Thursday, November 25

It's Just a Rock

In 2015, David Hole was prospecting in Maryborough Regional Park near Melbourne, Australia.

Armed with a metal detector, he discovered something out of the ordinary – a very heavy, reddish rock resting in some yellow clay.

He took it home and tried everything to open it, sure that there was a gold nugget inside the rock – after all, Maryborough is in the Goldfields region, where the Australian gold rush peaked in the 19th century.

To break open his find, Hole tried a rock saw, an angle grinder, a drill, even dousing the thing in acid. However, not even a sledgehammer could make a crack. That's because what he was trying so hard to open was no gold nugget. As he found out years later, it was a rare meteorite.

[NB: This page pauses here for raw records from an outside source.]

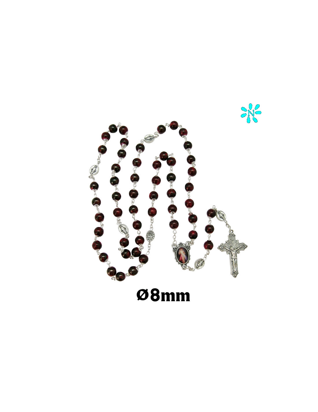 Rosario Cristal Liso 8Mm Estampado Rojo Copetas Y Paters Milagrosa
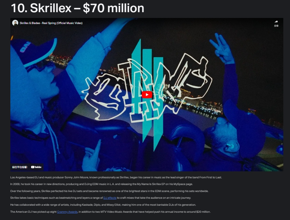 回到2023年,我们可以发现一些类似的情况,即,虽然看起来不由Forbes(福布斯)报道,但却使用Forbes(福布斯)的数据支撑,而总结出来的年度(过去12个月)最赚钱的10位DJ的数据更新。
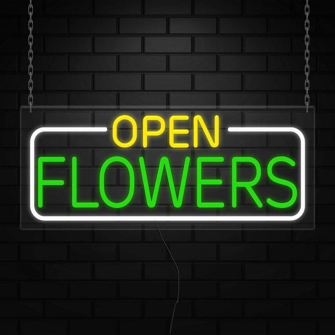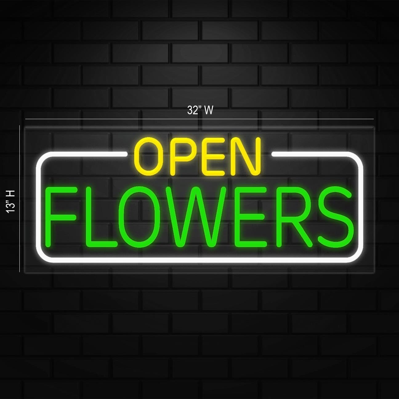 Open Flowers Neon Sign for Retail Displays | LED Flex Neon | 32"W x 13"H x 1"D
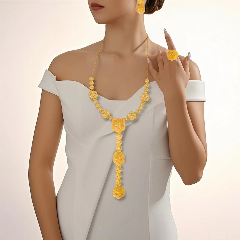 This elaborate 3-piece jewelry set (full-body necklace + earrings + ring) is crafted from alloy with a polished gold-toned finish, featuring intricate filigree floral cutout detailing (no natural gemstones or precious metals are used). The long, full-body necklace showcases a series of graduated floral motifs and openwork links, while the matching earrings and ring echo the filigree design for a cohesive, luxurious aesthetic.
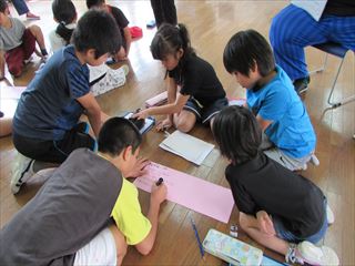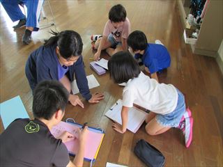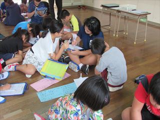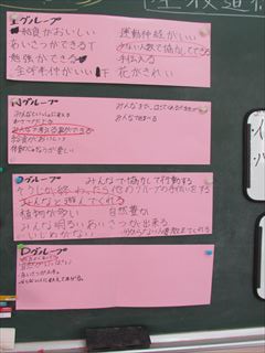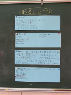 今回のテーマは、「伊野田小学校のよい点と改善点」を縦割り班で話し合いました。
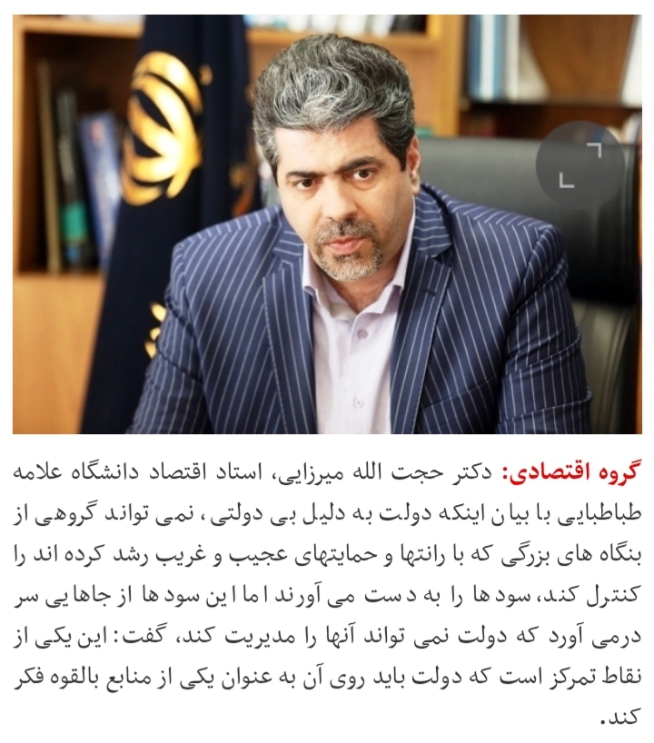 ️♦️گروه اقتصادی: دکتر حجت الله میرزایی، استاد اقتصاد دانشگاه علامه طباطبایی: دولت به دلیل بی دولتی، نمی تواند گروهی از بنگاه های بزرگی که با رانتها و حمایتهای عجیب و غریب رشد …
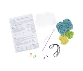 Fil acrylique, crochet, yeux de sécurité, rembourrage polyfil et instructions détaillées : tout est inclus dans une belle boîte cadeau.
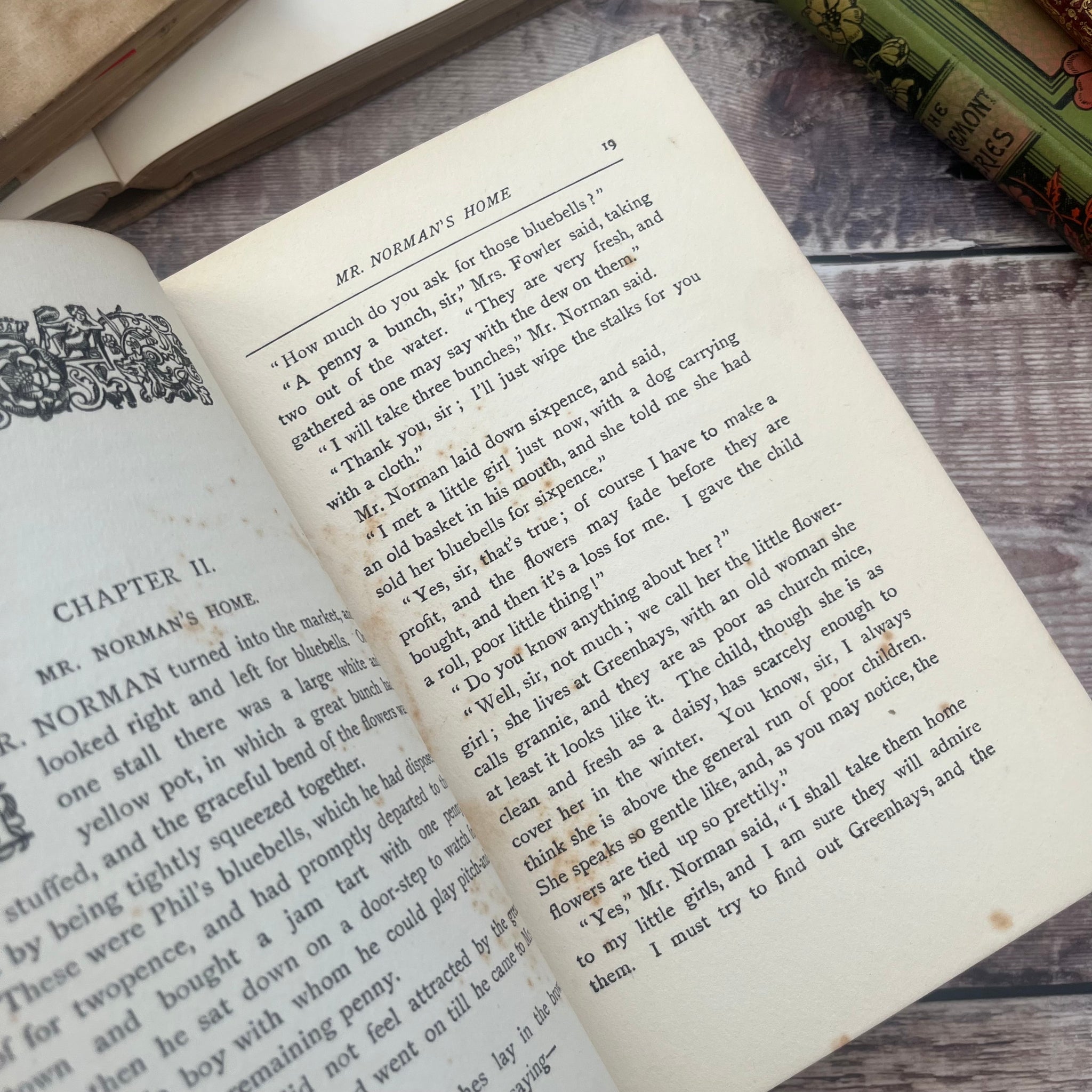 This beautiful edition of Bluebell by Emma Marshall was published by John F Shaw. The book itself is undated but there is a written inscription inside dated 1914. So the book is early 20th century.

"It had this sculpted, dimpled look to it," Melbourne museum geologist Dermot Henry told The Sydney Morning Herald.

"That's formed when they come through the atmosphere, they are melting on the outside, and the atmosphere sculpts them."

Unable to open the 'rock', but still intrigued, Hole took the nugget to the Melbourne Museum for identification.

"I've looked at a lot of rocks that people think are meteorites," Henry told Channel 10 News.

In fact, after 37 years of working at the museum and examining thousands of rocks, Henry explains only two of the offerings have ever turned out to be real meteorites.